----- DATASET CONTENT

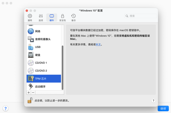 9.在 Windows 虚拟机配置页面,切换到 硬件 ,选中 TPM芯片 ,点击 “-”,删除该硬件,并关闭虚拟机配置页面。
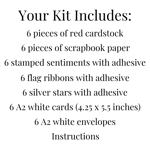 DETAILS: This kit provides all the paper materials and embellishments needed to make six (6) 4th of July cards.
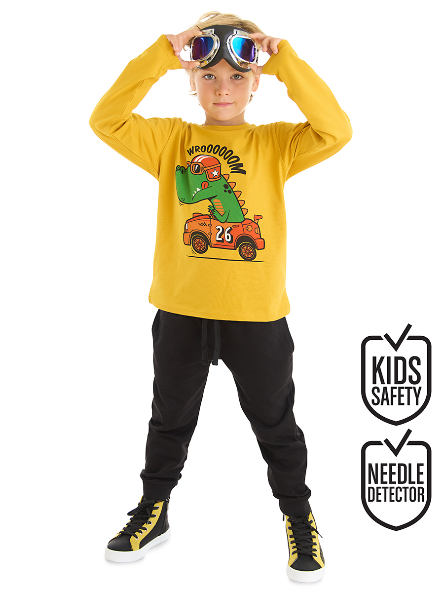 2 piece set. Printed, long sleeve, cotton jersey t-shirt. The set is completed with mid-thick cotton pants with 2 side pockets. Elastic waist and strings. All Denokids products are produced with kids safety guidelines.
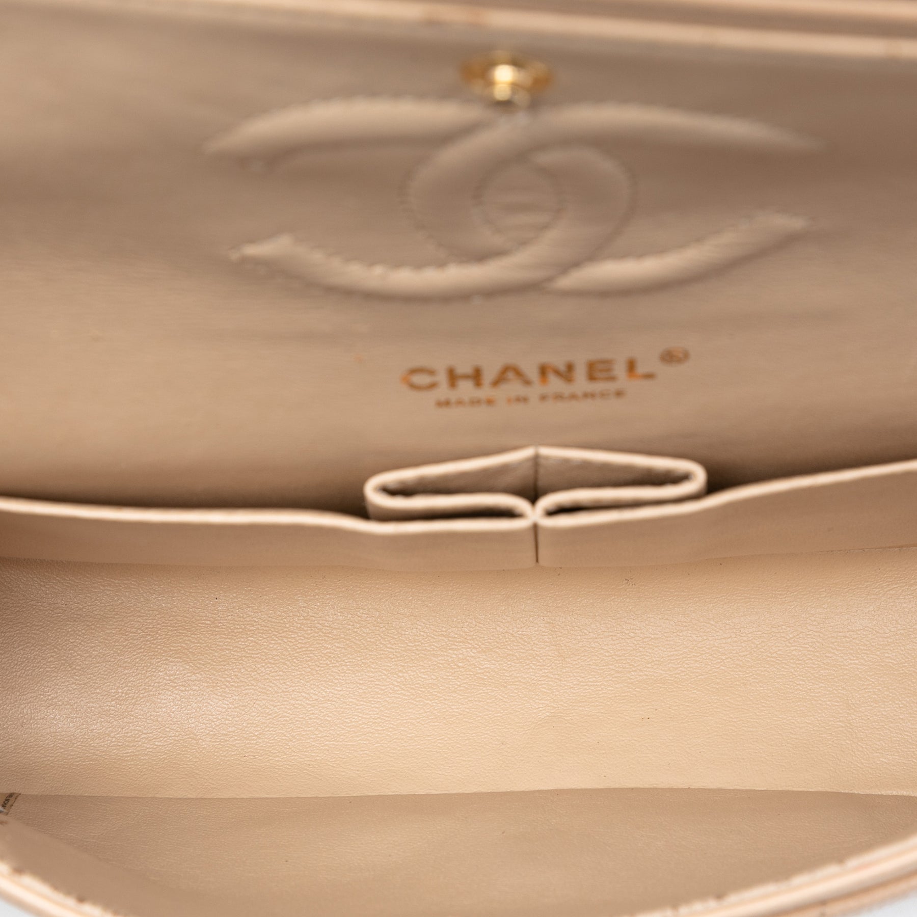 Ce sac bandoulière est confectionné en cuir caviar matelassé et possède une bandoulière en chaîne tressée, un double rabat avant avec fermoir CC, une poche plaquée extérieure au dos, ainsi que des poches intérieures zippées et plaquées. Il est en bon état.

----------

- TASK OBJECTIVE
Print nothing except the lines above from the one containing "DETAILS: This kit" down to the one containing "2 piece set.", both included, exactly as written and free of pictures.

- WRITTEN ANSWER
 DETAILS: This kit provides all the paper materials and embellishments needed to make six (6) 4th of July cards.
 2 piece set. Printed, long sleeve, cotton jersey t-shirt. The set is completed with mid-thick cotton pants with 2 side pockets. Elastic waist and strings. All Denokids products are produced with kids safety guidelines.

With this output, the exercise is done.